10 Core tenets for managing successful teams

4/5/2024

Here is a list of 10 core tenets I personally believe in for teams that I manage. That said, continuous learning should always be a priority so they are my personal opinions, but I hold them weakly.

  1. Build for your users/customers

    You should always have a bias for ensuring what you are building will help your customers/users. You can use this as a litmus test for your decisions.
  2. Empower your teams

    Empower your teams by ensuring they have an appropriate level of autonomy. Let them tell you what it is they need or how you can help, and try to ensure they are included in decisions, where appropriate, that will have a direct impact on their day to day work life. As an added benefit, it also increases job satisfaction.
  3. Asynchronous first

    Asynchronous communication comes with a number of benefits including fewer context switches, and things being written down.
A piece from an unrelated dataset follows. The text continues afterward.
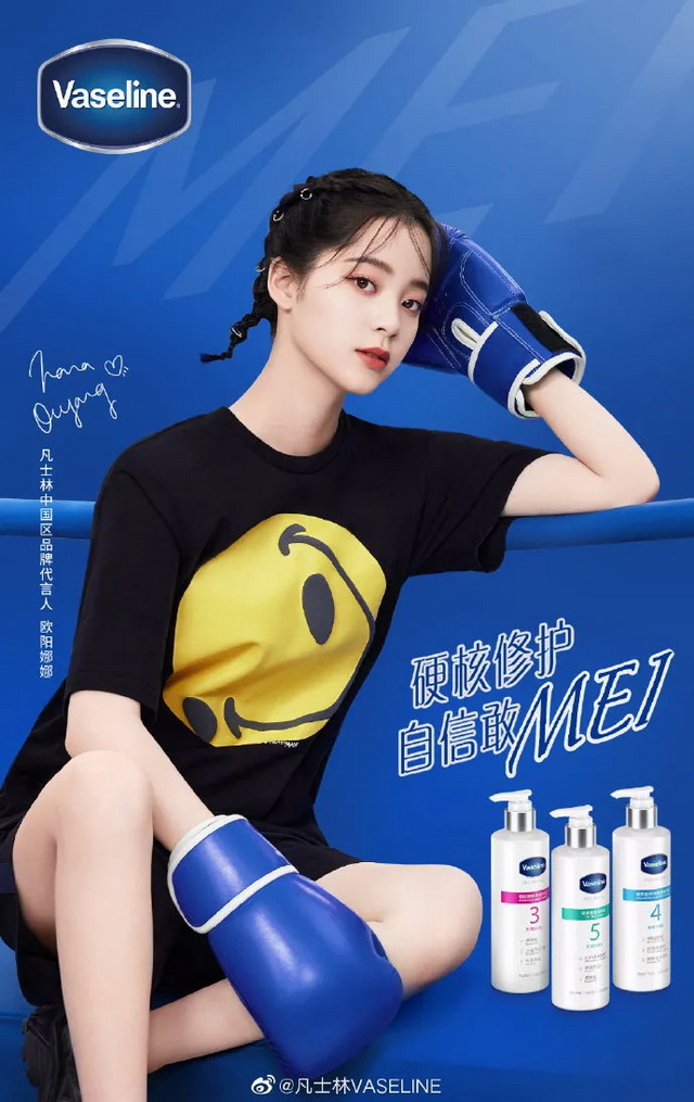 9月3日,欧阳娜娜成为凡士林中国区品牌代言人。

Chat apps are not asynchronous communication see this great article that explores that further. Synchronous communication can and should be used when it brings a concrete benefit for the team but it should be the exception not the rule.
  4. Don't reinvent the wheel

    Choosing to buy, integrate, or use an appropriately licensed open source alternative should always be an option. It could also reduce technical debt.
  5. Ship early and often

    Shipping early and often allows you to start getting vital user feedback as soon as possible. If you can't release an element to everyone right away, use feature flags to get feedback from a smaller subset. Remember you are building for your users.
  6. Developer experience focus

    Work with the product team to include developer experience items when appropriate. A better developer experience can make a team much more efficient and happy which will ultimately be a boon for the company, and the product.
  7. Be accountable

    Ensure a mindset of accountability at the team level. By not fostering a "throw it over the fence" mentality you will get better, higher quality output.
  8. Align to goals and objectives

    Show the team how they are advancing company goals and work with members on their own career aspirations and goals. Team members understanding how they are making a difference for the organization can boost morale and job satisfaction. Personal or career goals help a team member reach the next plateau they are reaching for.
  9. Continuous improvement

    Create a culture of continuous improvement. Implement feedback loops so that team members can receive and provide feedback to make the team a more cohesive unit.
  10. Automate repetitive tasks

    Repetitive tasks are often error prone and unpleasant for a development team. If it's happening frequently, see if there's a way to automate it.

This is certainly not an exhaustive list of how to manage a team, but I find following these tenets as a starting point can set you, and more importantly your teams, up for success.